Chris Tigra /

recostura

Tento sempre me lembrar que um país sem memória se esvazia. No final de 2020 iniciei um trabalho de pesquisa impulsionada por essa lembrança da qual não quero me esquecer, o que exige uma atenção contínua, um esforço pessoal enorme e incentivos imaginários constantes em busca de sentidos. Também foi por causa de uma inquietude pessoal para melhor compreensão da história brasileira tão desde sempre contada sob a insistente perspectiva colonialista, elitista, classista…branca. Por último, mas não necessariamente nessa ordem de importância, tem a ver comigo, de onde vim, os que vieram antes, essa coisa toda. Diante de tudo a vontade de achar os elos e conectá-los com o agora.

Objeto de tortura e aprisionamento dos negros escravizados no Brasil – acervo da Biblioteca Nacional

RECOSTURA partiu das palavras “escrava”, “escravo”, “escravidão” e tudo mais que deriva ou se desdobra daí. Comecei a investigação no Arquivo Nacional brasileiro, movida por uma curiosidade enorme de como e do quê e de qual forma isso consta na memória oficial do país. De maneira desordenada me deparei com inúmeros resultados sobre o assunto, de cartas de compra e venda de escravos  – diferentes tipos de negociação do que era legalmente considerado propriedade do “seu senhor” -,  até desenhos iconográficos do século XVI, bem como fotografias etnográficas curiosas sobre o negro brasileiro e sua cultura, dentre outros.

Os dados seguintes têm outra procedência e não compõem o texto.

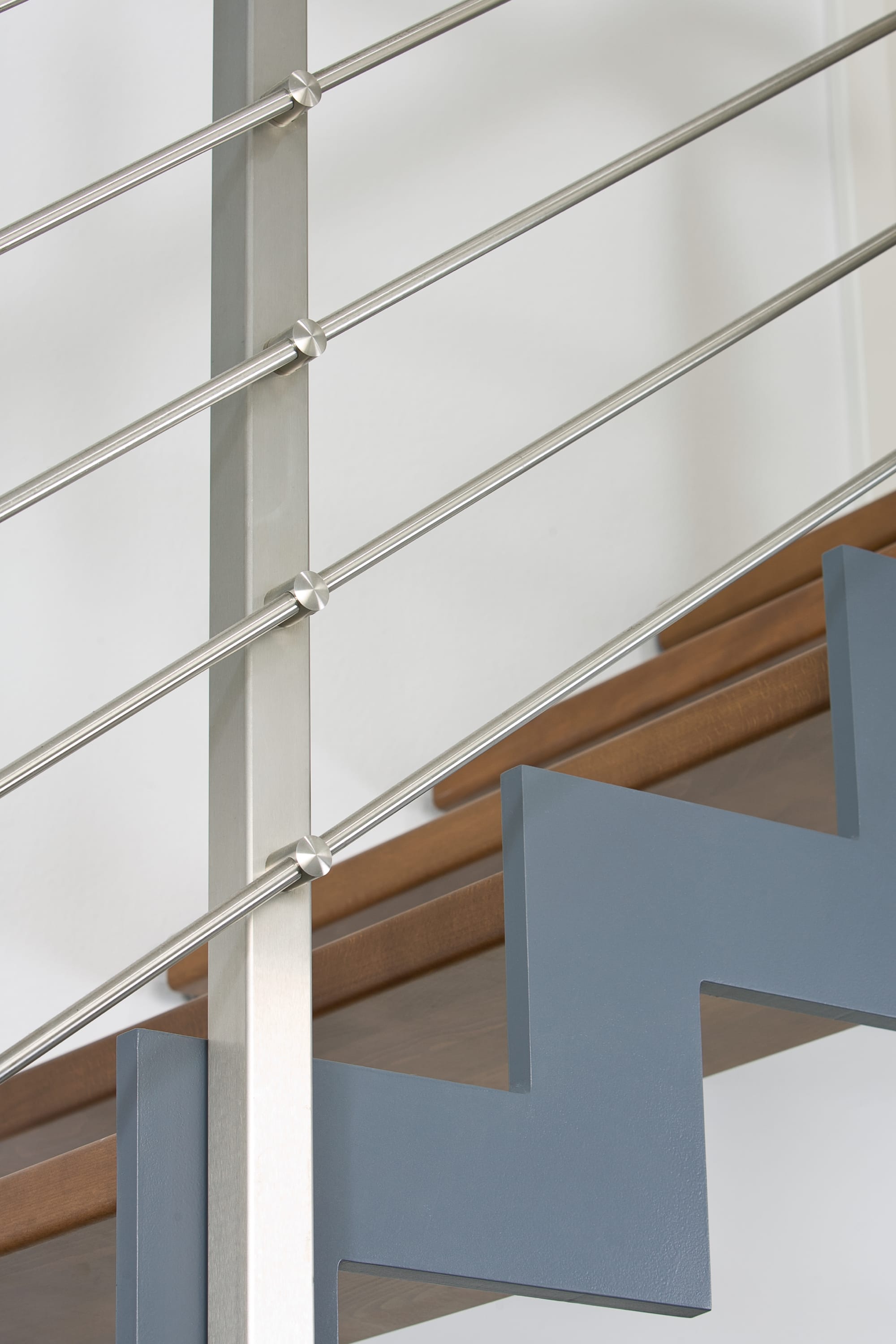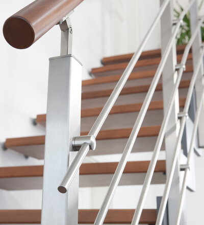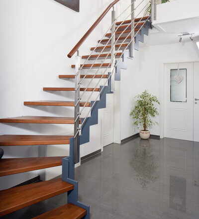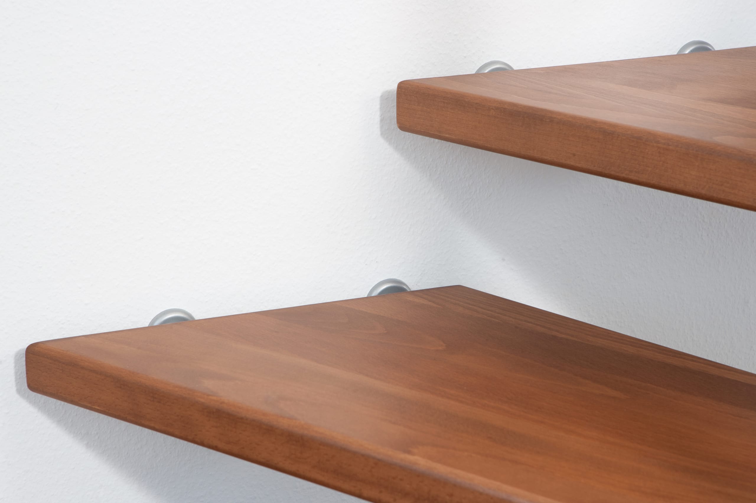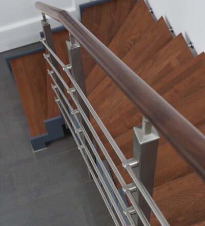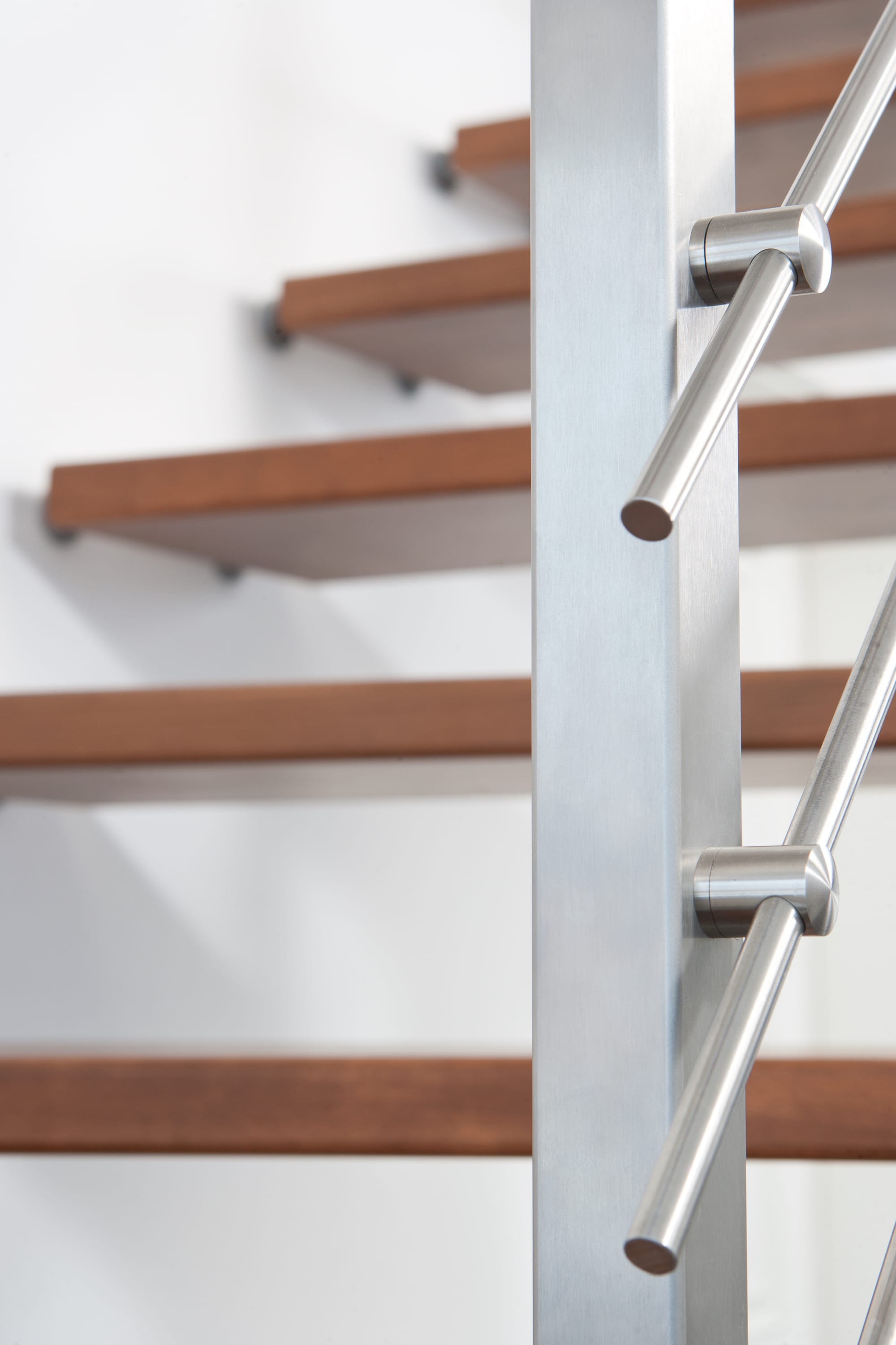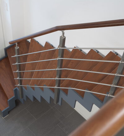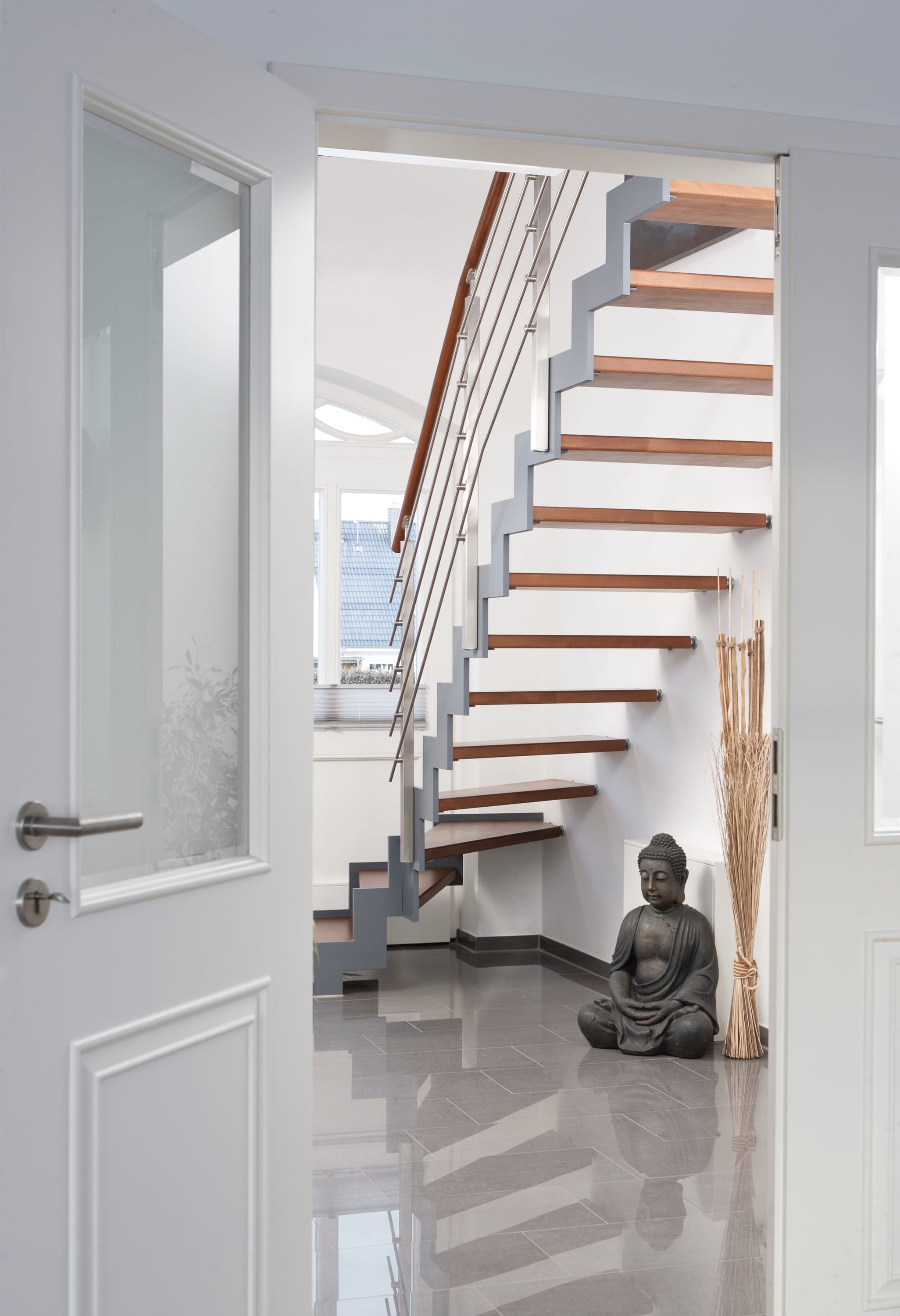 Freitragende Treppe mit abgetreppter Stahlwange, Stufen und Handlauf Holzart Buche gebeizt auf Nussbaum, Milano-Geländer.

Através da pesquisa, tenho recolhido materiais com o propósito de deixar emergir novas revelações. Aproprio-me de imagens de séculos passados capturadas originalmente para mostrar o negro sob um ponto de vista antropológico, reimprimindo-as em papel ou tecido e com agulha e linha tenho percorrido imagens antigas tecendo novos caminhos, dando vazão a imaginários, me guiando pelo desejo de reconexão e reação, pensando que a recostura só acontece quando algo foi descosturado. Nesses momentos eu penso na trama entre passado e presente e futuro, representado pelas pontas soltas das linhas.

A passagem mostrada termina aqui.